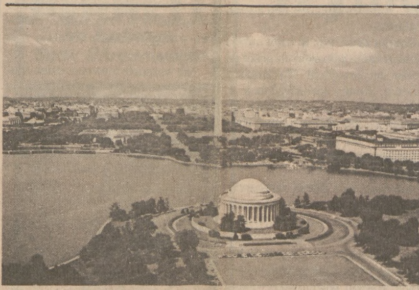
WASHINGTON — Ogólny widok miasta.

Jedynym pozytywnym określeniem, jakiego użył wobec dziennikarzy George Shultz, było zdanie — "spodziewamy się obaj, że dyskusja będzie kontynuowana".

* * *

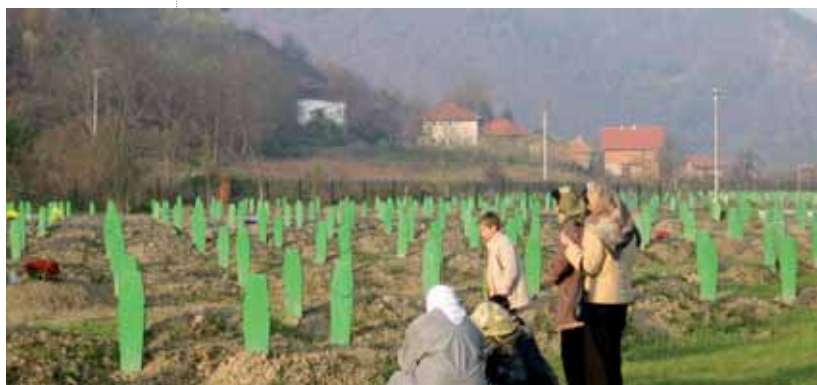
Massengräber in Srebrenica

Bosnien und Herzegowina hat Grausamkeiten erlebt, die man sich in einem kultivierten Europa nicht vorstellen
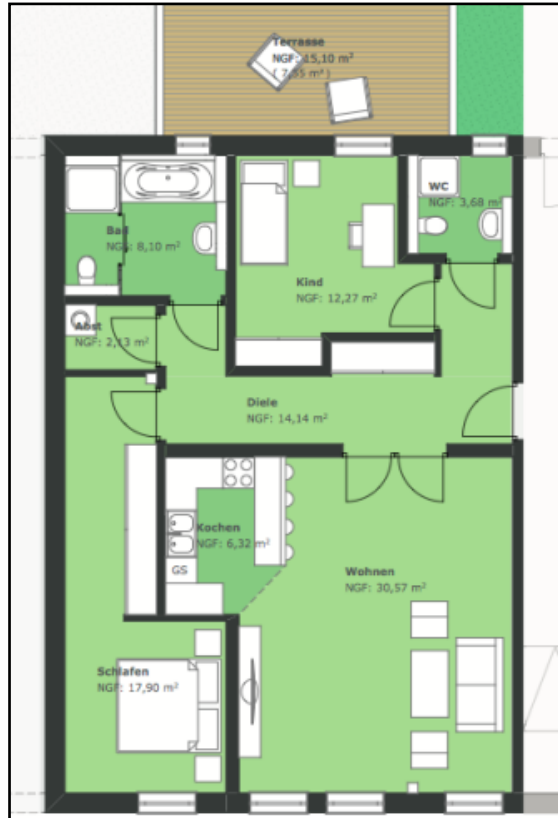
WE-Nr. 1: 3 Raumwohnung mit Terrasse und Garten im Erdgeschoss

...

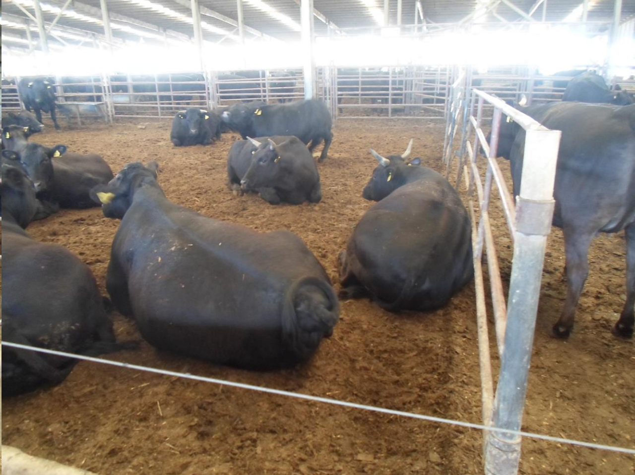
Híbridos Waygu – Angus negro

## WHAT YOU WILL DO
Would you retype the lines above from the one with "WASHINGTON — Ogólny widok miasta." down to the one with "Jedynym pozytywnym określeniem, jakiego", word for word, both ends included and no other lines?

## SOLUTION TO THIS PROBLEM
WASHINGTON — Ogólny widok miasta.

Jedynym pozytywnym określeniem, jakiego użył wobec dziennikarzy George Shultz, było zdanie — "spodziewamy się obaj, że dyskusja będzie kontynuowana".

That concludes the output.